Task objective: In the copy, include exactly the lines from the one with "وكانت نقابات وجمعيات" through the end of the data and no others, both ends kept, with every picture left out.

[Material to process — start]

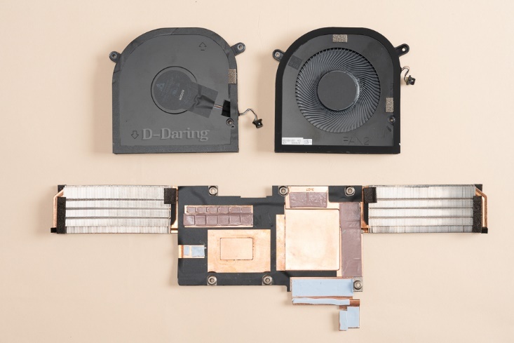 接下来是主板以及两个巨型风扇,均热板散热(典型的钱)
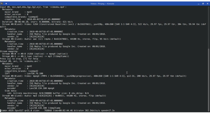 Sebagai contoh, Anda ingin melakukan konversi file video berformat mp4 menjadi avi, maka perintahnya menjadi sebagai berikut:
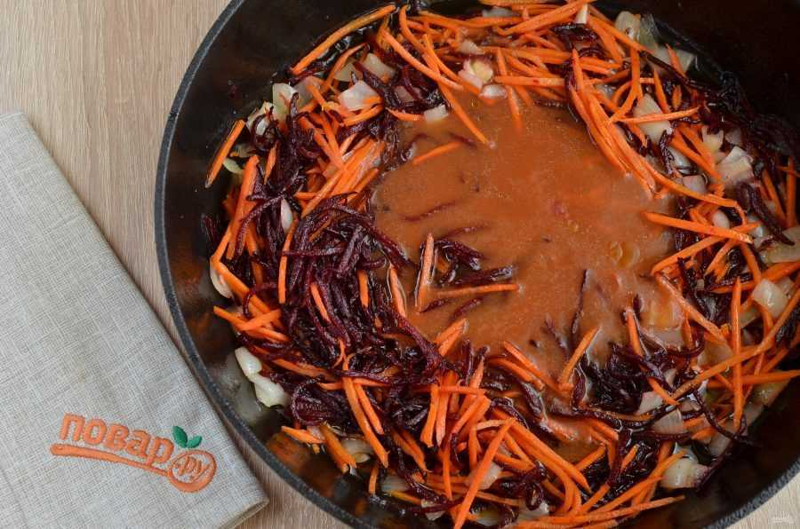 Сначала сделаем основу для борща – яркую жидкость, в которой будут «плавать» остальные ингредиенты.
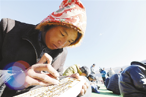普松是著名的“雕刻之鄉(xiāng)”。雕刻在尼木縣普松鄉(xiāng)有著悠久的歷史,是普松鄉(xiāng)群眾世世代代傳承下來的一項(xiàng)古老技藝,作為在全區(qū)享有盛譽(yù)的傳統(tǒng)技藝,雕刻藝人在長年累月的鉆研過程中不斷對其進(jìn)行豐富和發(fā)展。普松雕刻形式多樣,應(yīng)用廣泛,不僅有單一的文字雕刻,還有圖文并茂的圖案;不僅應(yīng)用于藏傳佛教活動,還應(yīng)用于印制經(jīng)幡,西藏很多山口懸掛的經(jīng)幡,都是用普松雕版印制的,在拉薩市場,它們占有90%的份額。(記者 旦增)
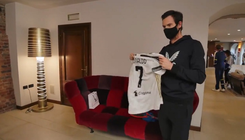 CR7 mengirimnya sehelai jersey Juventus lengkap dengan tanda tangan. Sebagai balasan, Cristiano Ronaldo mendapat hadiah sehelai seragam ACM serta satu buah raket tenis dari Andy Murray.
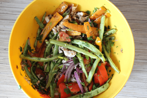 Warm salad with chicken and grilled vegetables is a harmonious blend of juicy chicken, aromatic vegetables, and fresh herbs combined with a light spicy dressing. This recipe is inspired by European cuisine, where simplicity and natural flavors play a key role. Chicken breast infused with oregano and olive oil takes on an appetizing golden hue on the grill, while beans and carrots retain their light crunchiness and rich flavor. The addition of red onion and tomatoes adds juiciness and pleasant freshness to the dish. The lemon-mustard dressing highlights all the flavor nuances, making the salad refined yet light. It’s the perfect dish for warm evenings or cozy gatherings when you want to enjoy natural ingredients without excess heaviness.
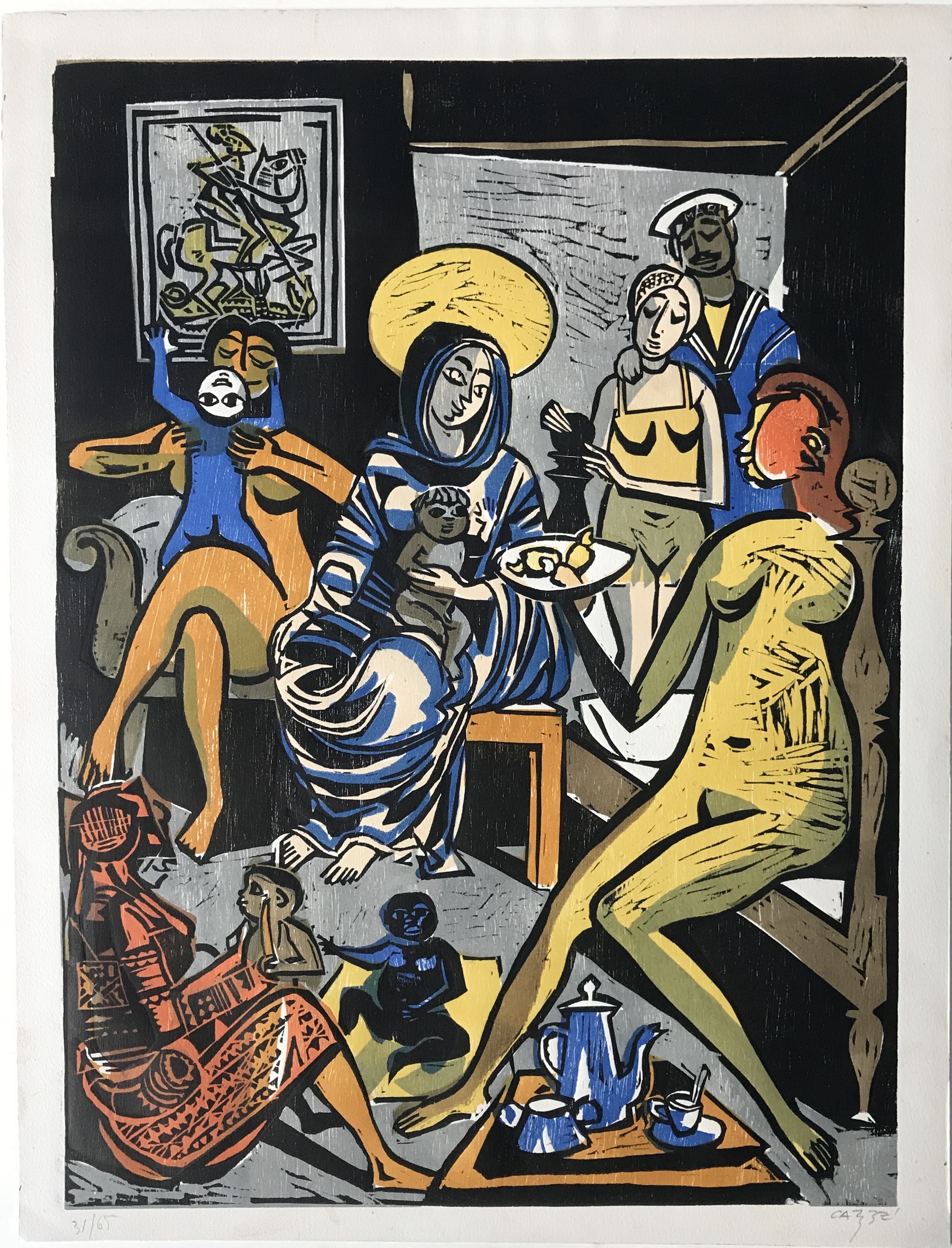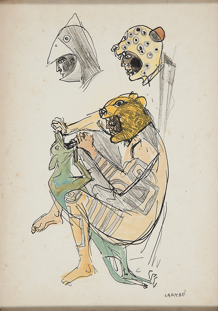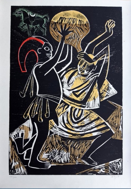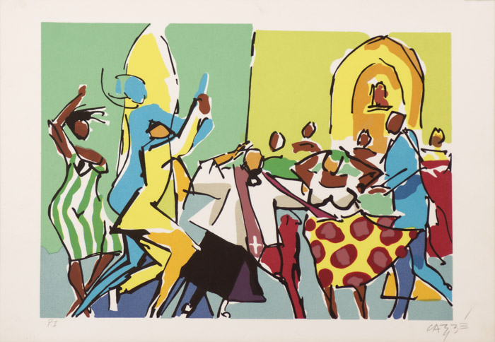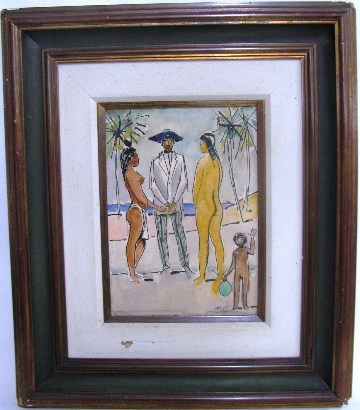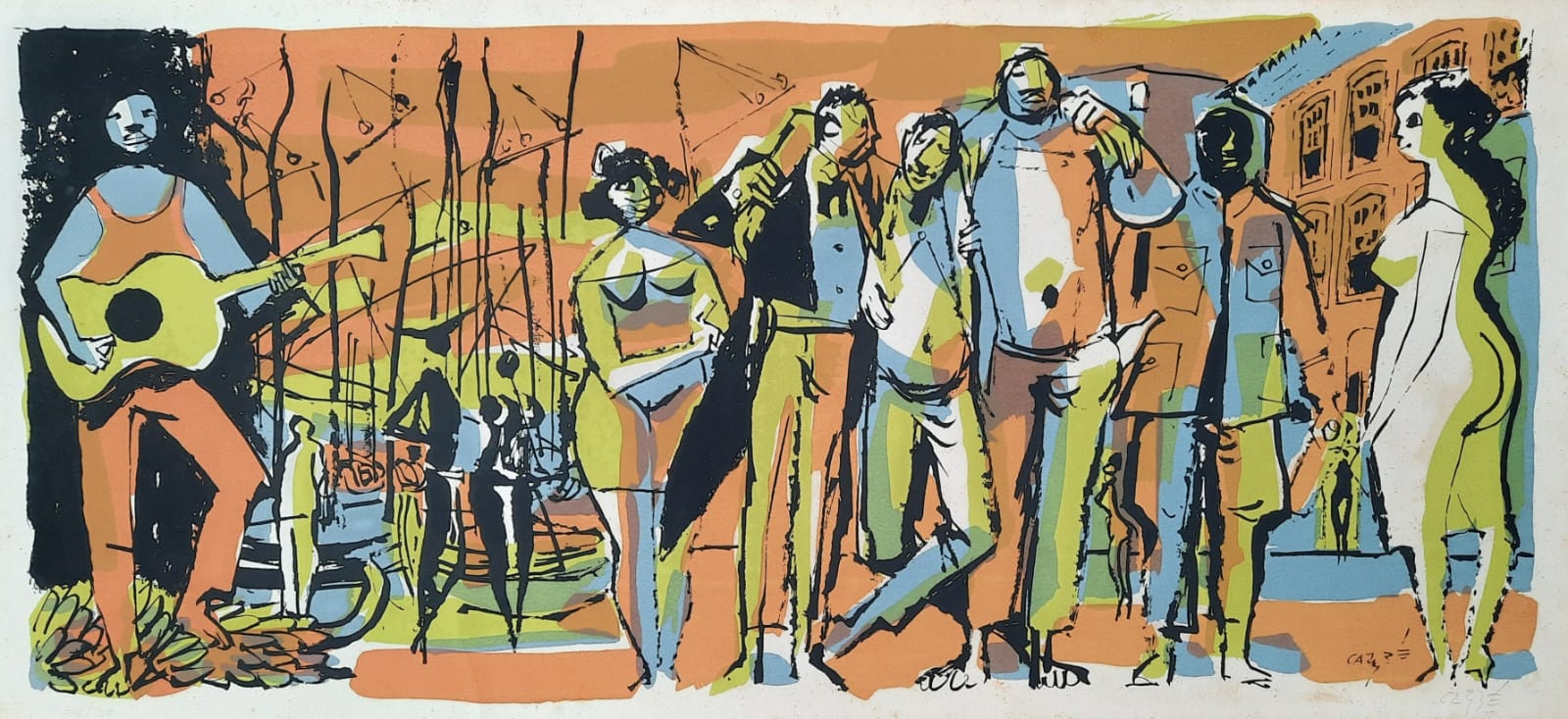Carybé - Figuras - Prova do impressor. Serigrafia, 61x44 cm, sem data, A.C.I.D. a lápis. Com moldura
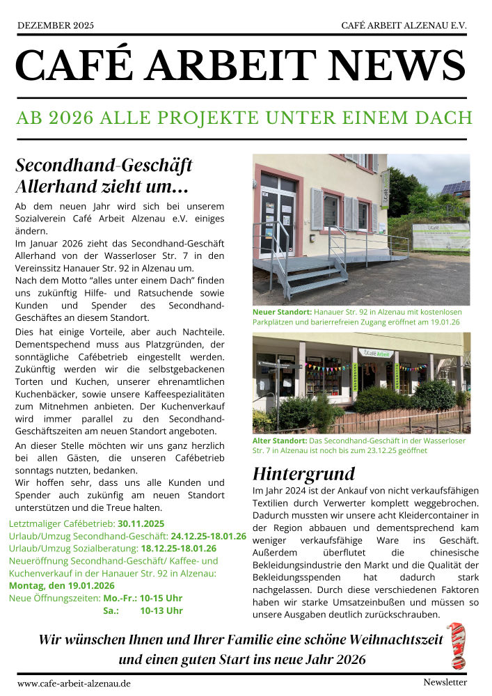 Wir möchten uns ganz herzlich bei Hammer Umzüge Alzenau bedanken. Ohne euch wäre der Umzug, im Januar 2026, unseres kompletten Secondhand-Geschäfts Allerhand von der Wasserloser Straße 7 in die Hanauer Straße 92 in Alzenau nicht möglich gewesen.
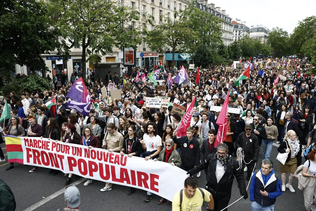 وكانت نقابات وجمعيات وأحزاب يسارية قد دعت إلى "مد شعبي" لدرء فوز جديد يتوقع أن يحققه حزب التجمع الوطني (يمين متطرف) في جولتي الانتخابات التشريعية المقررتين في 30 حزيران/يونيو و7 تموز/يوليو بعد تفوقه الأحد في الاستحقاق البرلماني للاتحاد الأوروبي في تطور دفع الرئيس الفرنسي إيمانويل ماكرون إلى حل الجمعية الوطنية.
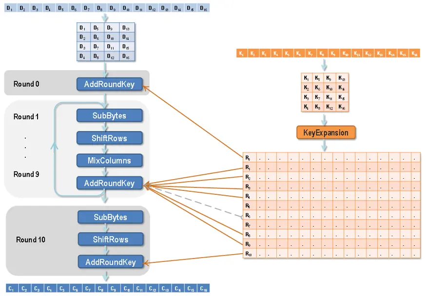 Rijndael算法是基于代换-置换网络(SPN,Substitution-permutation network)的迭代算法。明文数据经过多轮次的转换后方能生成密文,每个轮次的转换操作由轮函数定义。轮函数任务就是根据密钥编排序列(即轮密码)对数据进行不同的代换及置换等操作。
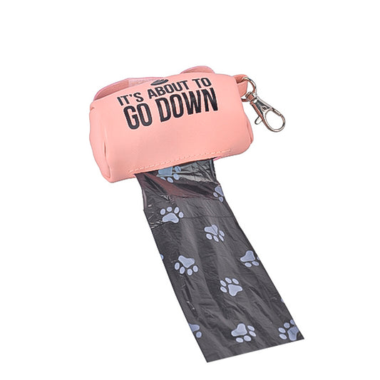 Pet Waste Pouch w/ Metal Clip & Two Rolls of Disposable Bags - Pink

[Material to process — finish]

Solution for this problem:
 وكانت نقابات وجمعيات وأحزاب يسارية قد دعت إلى "مد شعبي" لدرء فوز جديد يتوقع أن يحققه حزب التجمع الوطني (يمين متطرف) في جولتي الانتخابات التشريعية المقررتين في 30 حزيران/يونيو و7 تموز/يوليو بعد تفوقه الأحد في الاستحقاق البرلماني للاتحاد الأوروبي في تطور دفع الرئيس الفرنسي إيمانويل ماكرون إلى حل الجمعية الوطنية.
 Rijndael算法是基于代换-置换网络(SPN,Substitution-permutation network)的迭代算法。明文数据经过多轮次的转换后方能生成密文,每个轮次的转换操作由轮函数定义。轮函数任务就是根据密钥编排序列(即轮密码)对数据进行不同的代换及置换等操作。
 Pet Waste Pouch w/ Metal Clip & Two Rolls of Disposable Bags - Pink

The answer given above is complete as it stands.